* [DATASET EXTRACT]
*** Begin section ***

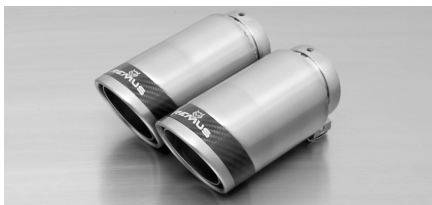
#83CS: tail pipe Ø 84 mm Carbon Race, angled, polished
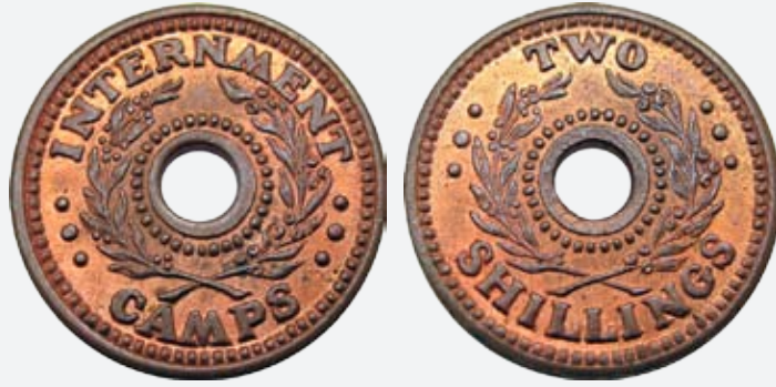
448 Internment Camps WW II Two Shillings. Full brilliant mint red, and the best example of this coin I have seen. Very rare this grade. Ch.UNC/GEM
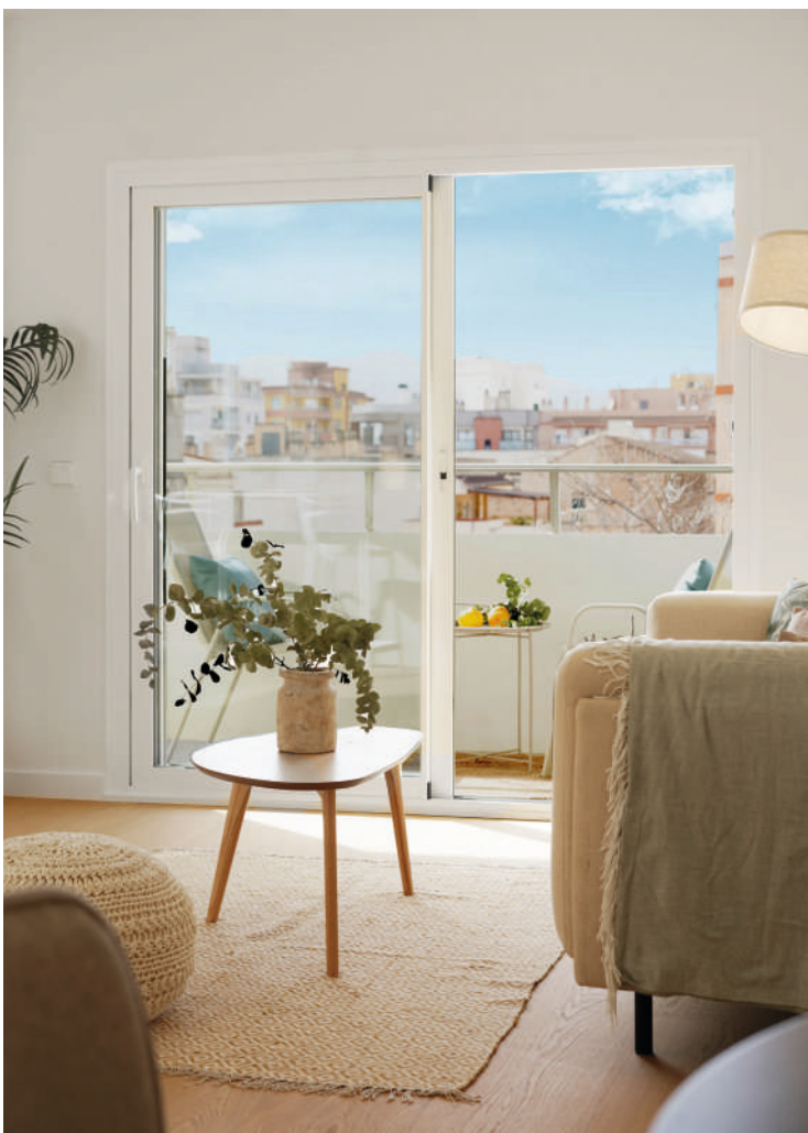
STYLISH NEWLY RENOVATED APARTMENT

*** End section ***
*** Begin section ***

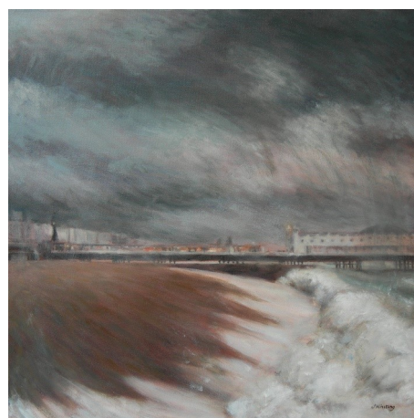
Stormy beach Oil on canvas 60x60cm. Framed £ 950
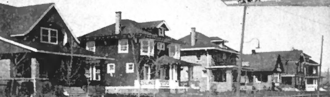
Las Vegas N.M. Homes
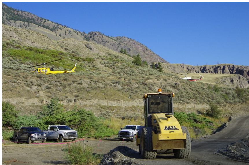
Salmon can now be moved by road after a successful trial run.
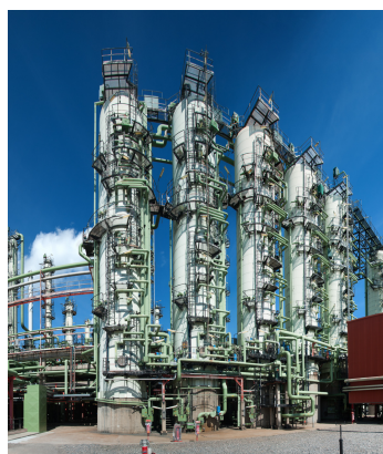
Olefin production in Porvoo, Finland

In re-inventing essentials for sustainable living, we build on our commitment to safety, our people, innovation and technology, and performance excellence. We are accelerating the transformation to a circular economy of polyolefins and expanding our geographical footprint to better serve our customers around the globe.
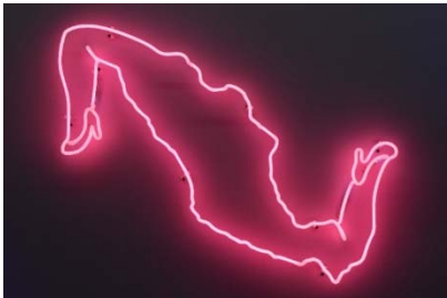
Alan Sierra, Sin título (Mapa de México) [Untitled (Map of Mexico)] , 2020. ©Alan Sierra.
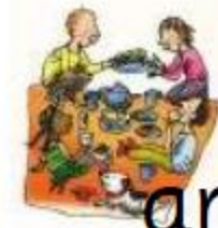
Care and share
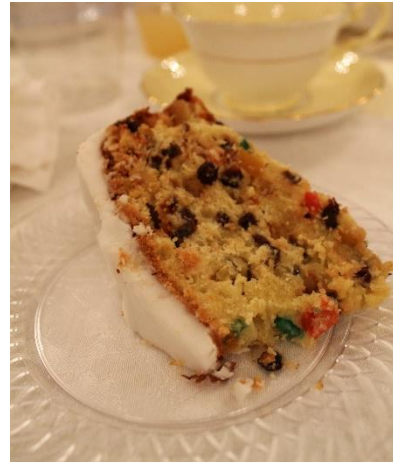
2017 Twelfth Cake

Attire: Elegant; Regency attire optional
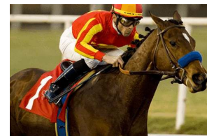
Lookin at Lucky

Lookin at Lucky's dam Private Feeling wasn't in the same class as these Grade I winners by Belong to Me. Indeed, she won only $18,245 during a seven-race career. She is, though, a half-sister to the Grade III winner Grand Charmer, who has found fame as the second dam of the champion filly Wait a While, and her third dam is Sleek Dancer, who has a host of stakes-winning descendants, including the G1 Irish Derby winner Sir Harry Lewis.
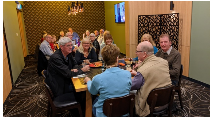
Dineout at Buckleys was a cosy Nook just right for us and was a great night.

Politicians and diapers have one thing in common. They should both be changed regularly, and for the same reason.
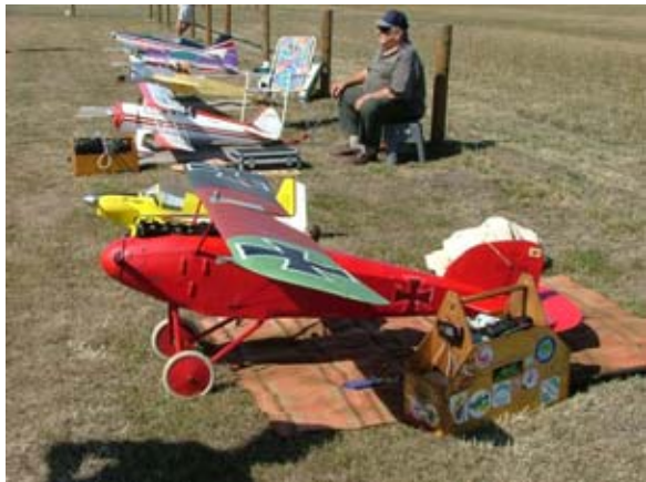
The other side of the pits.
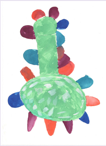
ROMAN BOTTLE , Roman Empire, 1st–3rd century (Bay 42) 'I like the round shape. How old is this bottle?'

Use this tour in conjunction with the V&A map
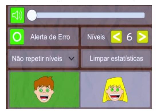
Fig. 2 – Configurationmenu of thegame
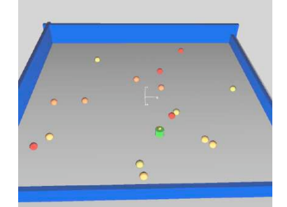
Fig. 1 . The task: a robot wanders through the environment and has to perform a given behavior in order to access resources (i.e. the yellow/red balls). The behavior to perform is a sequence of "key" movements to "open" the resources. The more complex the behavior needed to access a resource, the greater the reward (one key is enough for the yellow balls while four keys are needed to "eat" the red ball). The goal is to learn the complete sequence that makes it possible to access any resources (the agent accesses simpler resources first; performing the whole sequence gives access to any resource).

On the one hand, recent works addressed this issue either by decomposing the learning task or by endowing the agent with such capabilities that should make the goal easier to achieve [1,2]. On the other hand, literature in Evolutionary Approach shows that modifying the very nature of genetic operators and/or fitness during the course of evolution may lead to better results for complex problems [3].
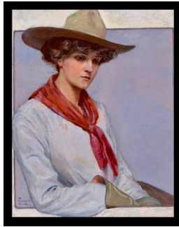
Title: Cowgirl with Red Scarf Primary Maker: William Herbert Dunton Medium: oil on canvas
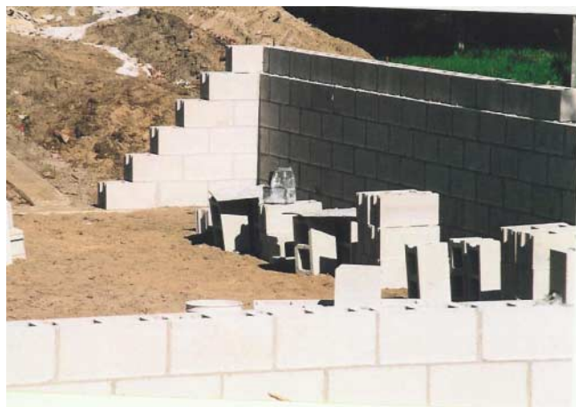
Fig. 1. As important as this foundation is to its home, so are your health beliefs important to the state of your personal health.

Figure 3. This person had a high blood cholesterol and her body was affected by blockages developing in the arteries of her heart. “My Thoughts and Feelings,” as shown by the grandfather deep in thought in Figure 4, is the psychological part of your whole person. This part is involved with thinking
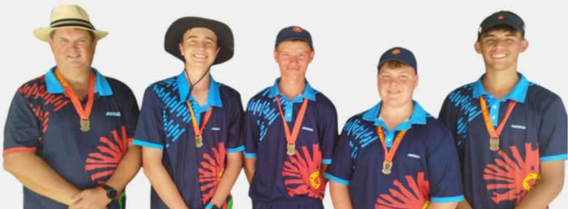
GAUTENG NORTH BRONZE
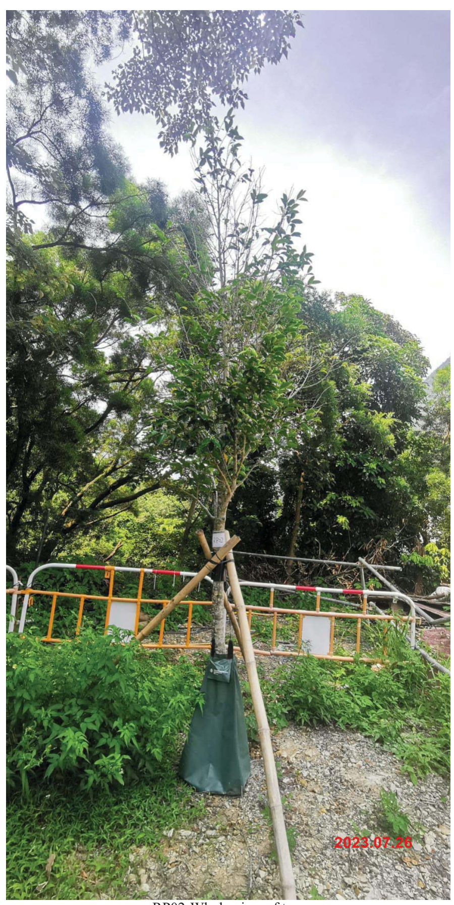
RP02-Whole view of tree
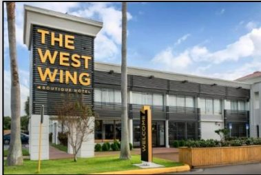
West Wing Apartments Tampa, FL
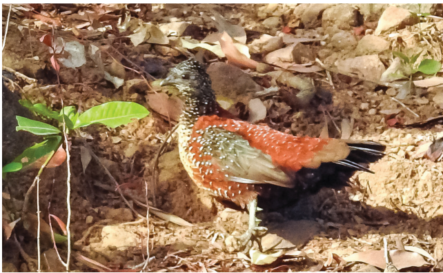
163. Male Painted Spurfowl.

*** End section ***

* [WORK TASK] Pictures excluded, reproduce only the part above that opens with the line holding "Alan Sierra, Sin" and closes with the line holding "ROMAN BOTTLE , Roman", exactly as written.

* [THE ANSWER]
Alan Sierra, Sin título (Mapa de México) [Untitled (Map of Mexico)] , 2020. ©Alan Sierra.
Care and share
2017 Twelfth Cake

Attire: Elegant; Regency attire optional
Lookin at Lucky

Lookin at Lucky's dam Private Feeling wasn't in the same class as these Grade I winners by Belong to Me. Indeed, she won only $18,245 during a seven-race career. She is, though, a half-sister to the Grade III winner Grand Charmer, who has found fame as the second dam of the champion filly Wait a While, and her third dam is Sleek Dancer, who has a host of stakes-winning descendants, including the G1 Irish Derby winner Sir Harry Lewis.
Dineout at Buckleys was a cosy Nook just right for us and was a great night.

Politicians and diapers have one thing in common. They should both be changed regularly, and for the same reason.
The other side of the pits.
ROMAN BOTTLE , Roman Empire, 1st–3rd century (Bay 42) 'I like the round shape. How old is this bottle?'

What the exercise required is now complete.